- **WHAT THE TASK REQUIRES**
Please write out the whole listing that follows exactly; the pictures stay out.
[DATASET EXCERPT]
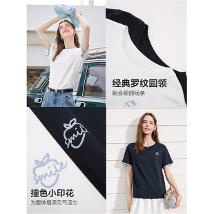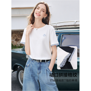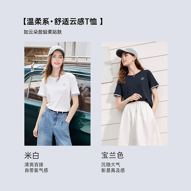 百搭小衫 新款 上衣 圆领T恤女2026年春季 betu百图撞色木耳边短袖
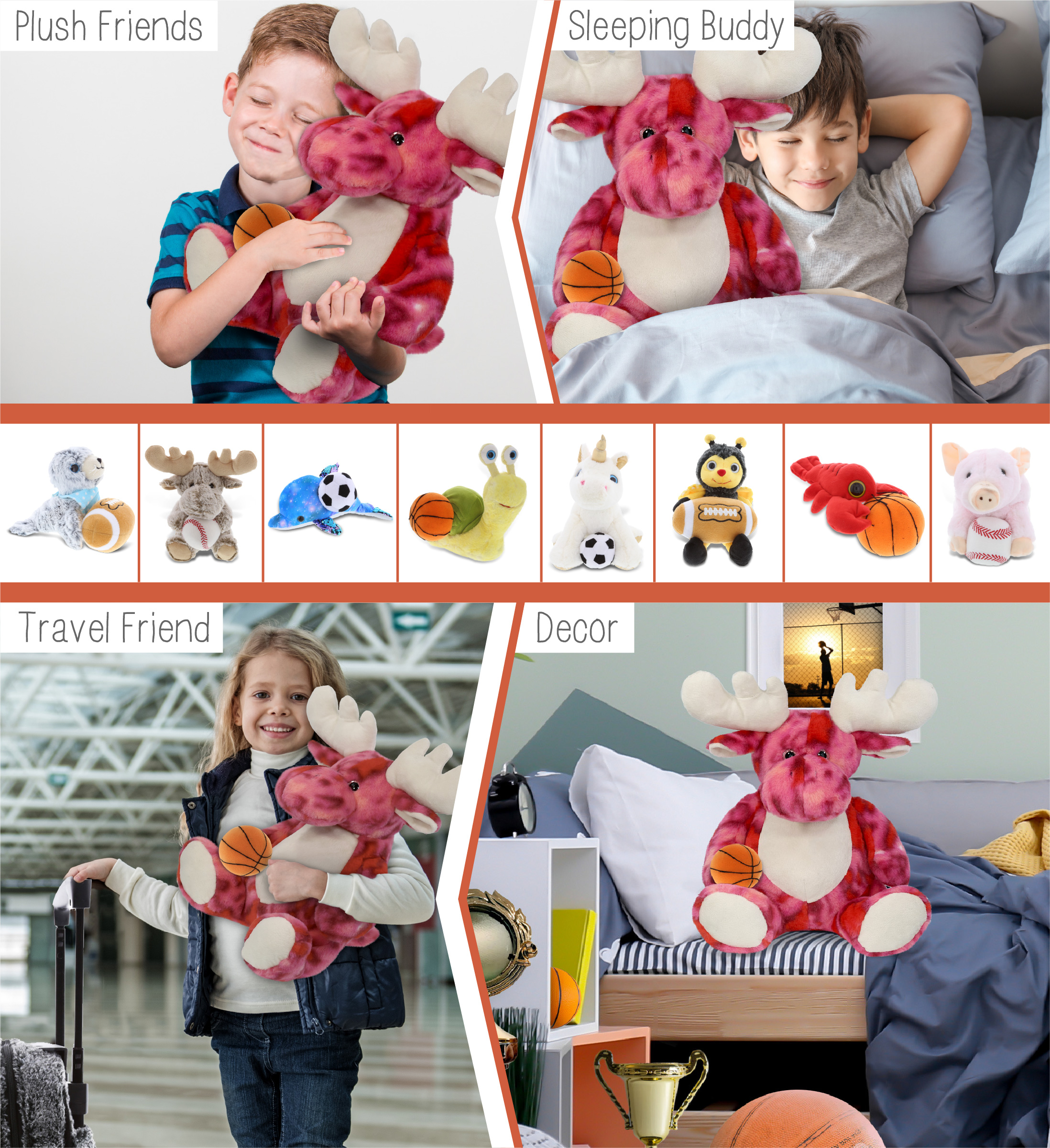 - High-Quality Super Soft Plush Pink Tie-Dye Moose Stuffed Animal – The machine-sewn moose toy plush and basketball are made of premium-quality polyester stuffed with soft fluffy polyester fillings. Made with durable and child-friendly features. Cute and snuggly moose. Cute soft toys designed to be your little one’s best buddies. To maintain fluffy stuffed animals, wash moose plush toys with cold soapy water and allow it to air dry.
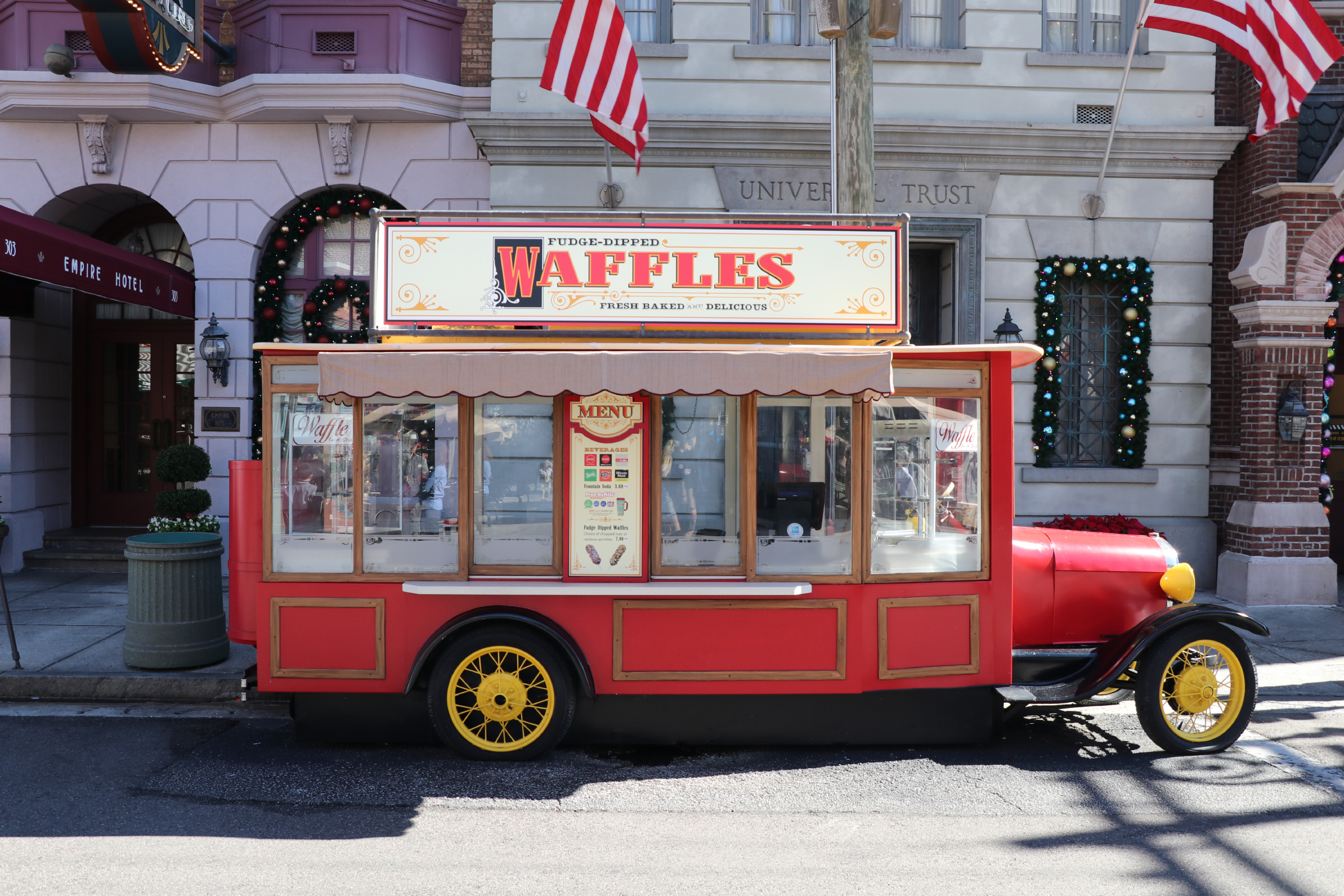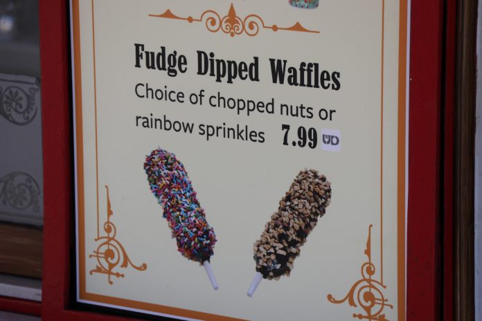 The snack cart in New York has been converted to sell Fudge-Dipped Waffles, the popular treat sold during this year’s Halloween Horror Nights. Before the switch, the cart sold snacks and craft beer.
[/DATASET EXCERPT]
- **OUTPUT FOR THIS EXERCISE**
 百搭小衫 新款 上衣 圆领T恤女2026年春季 betu百图撞色木耳边短袖
 - High-Quality Super Soft Plush Pink Tie-Dye Moose Stuffed Animal – The machine-sewn moose toy plush and basketball are made of premium-quality polyester stuffed with soft fluffy polyester fillings. Made with durable and child-friendly features. Cute and snuggly moose. Cute soft toys designed to be your little one’s best buddies. To maintain fluffy stuffed animals, wash moose plush toys with cold soapy water and allow it to air dry.
 The snack cart in New York has been converted to sell Fudge-Dipped Waffles, the popular treat sold during this year’s Halloween Horror Nights. Before the switch, the cart sold snacks and craft beer.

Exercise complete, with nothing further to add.